Canonicalization of built-in actors

We establish filecoin-project/builtin-actors 1 as the canonical implementation of Filecoin built-in actors (aka as System Actors in the Filecoin Spec), for all client implementations to use.

This FIP introduces actors v8, a version fundamentally equivalent to actors v7 (nv15), but reliant on the FVM as its execution environment.

Adoption of content-addressed Code CIDs

Every actor in the state tree specifies the CID of the executable code that backs it (CodeCID), doubling as an actor type designator.

Prior to the Wasm-based FVM, there was no universal, portable execution bytecode for the network to agree on. Therefore, the network used synthetic CIDs of the following form:

CodeCid = Cid(IPLD_RAW_CODEC, Mh(IDENTITY, bytes('fil/$actor_version/$actor_type')))

Where:

  • IPLD_RAW_CODEC=0x55
  • IDENTITY=0x00

This FIP transitions to true content-addressed CIDs for every actor, computed over their Wasm bytecode, in the following way:

CodeCid = Cid(IPLD_RAW_CODEC, Mh(BLAKE2B-256, $wasm_bytecode))

Sourcing built-in actors Wasm bytecode

The build process of filecoin-project/builtin-actors produces a CARv1 archive that bundles all Wasm bytecode for all actors. It has the following characteristics:

  • The CARv1 header is single-rooted.
  • The root CID resolves to a data structure that acts like a Manifest.
  • The Manifest type is a versioned struct, encoded as a CBOR tuple, defined as following:

    struct Manifest {
      version: u32
      data: CID
    }
    

    The Manifest data for version 1 (the only version currently defined) is a CID linking to an IPLD Vector<(String, CID)>, ordered by explicit position, specified below.
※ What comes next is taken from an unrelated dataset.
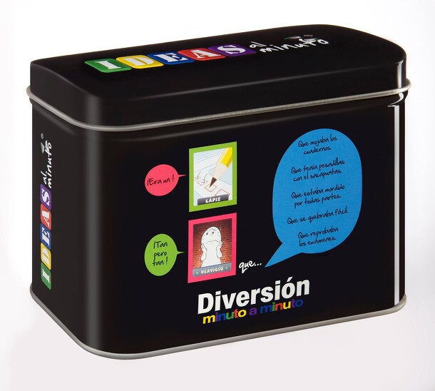 The object of Ideas al Minuto is to say as many ideas as possible in one minute. In teams of 2-5, players receive challenges based on the cards that they draw. Within one minute, each team gives as many answers as possible on the same challenge, with the conditions changing each time thanks to drawn cards showing animals, characters, places and things. The...

    Each entry represents a built-in actor.

  • Keys (String) range over an enum that identifies the actor type. These strings match parts of the current synthetic Code CIDs, and therefore can eventually facilitate translations if necessary.
    • system (index 0)
    • init (index 1)
    • cron (index 2)
    • account (index 3)
    • storagepower (index 4)
    • storageminer (index 5)
    • storagemarket (index 6)
    • paymentchannel (index 7)
    • multisig (index 8)
    • reward (index 9)
    • verifiedregistry (index 10)
  • Values (CID) point to the Wasm bytecode of an actor as a single block.
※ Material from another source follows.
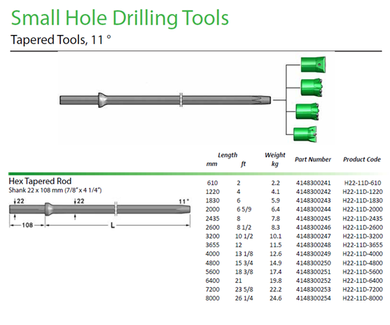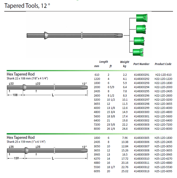 Tapered drill rods | Taper Angle: 4, 6, 7, 11, 12 degree | 400mm to 8000mm | Hex22mm*108mm Hex25mm*159mm Hex19mm*108mm | 1.7 - 24.9 |

Clients are free to ship the bundle as they see fit. The simplest approach is to embed the CARv1 into the client binary, but downloading it on-demand is also an option.

On node startup, the client is expected to:

  1. Import the CARv1 contents into its state blockstore, and retain the Manifest data link CID in memory.
  2. Instruct the FVM to preload all built-in actors and precompile Wasm modules, by supplying the manifest data Cid.

Point (2) is critical to avoid Wasm compilation costs at the upgrade epoch. If using [filecoin-project/ref-fvm], simply instantiating the Machine suppying the CID of the Manifest will trigger precompilation.

At this point, it is worthy to note that these block will be orphan, so garbage-collecting mechanisms may prune them, and walking the tree will not discover them (e.g. during snapshotting).

Upgrade procedure

At the upgrade epoch N, clients should do the following:

  1. Re-import the CARv1 bundle, to restore any bytecode blocks that may have been pruned.
  2. Perform a state migration.
  3. Atomically switch execution to the non-programmable FVM.
  4. Perform any message replacements needed to adjust gas limits on pending messages.

Points 2-4 are developed further in the next sections.

State migration

At epoch N, prior to executing the tipset assembled at epoch N-1, clients will run a migration over the state tree. The migration will perform two tasks:

  1. Patch the CodeCID of every actor will be by their corresponding content-addressed CIDs, according to this lookup table:
Old value (synthetic CID) New value (content-addressed CID)
fil/7/system TBD
fil/7/init TBD
fil/7/cron TBD
fil/7/account TBD
fil/7/storagepower TBD
fil/7/storageminer TBD
fil/7/storagemarket TBD
fil/7/paymentchannel TBD
fil/7/multisig TBD
fil/7/reward TBD
fil/7/verifiedregistry TBD
  1. Create and initialize a new state object for the System Actor (f00), and link it from the actor’s entry in the state tree:
  struct State {
    builtin_actor_registry: Cid, // Map<String, Cid>
  }

The value of builtin_actor_registry is the CID of the Manifest imported from the bundle.

VM atomic switch

Exactly at the upgrade epoch N, message execution will switch from the legacy VM to the non-programmable FVM, for all system processes. That includes block validation, block production, gas estimation, and message publishing. JSON-RPC calls (like StateComputeTipset in the case of Lotus) will also begin using the new VM runtime.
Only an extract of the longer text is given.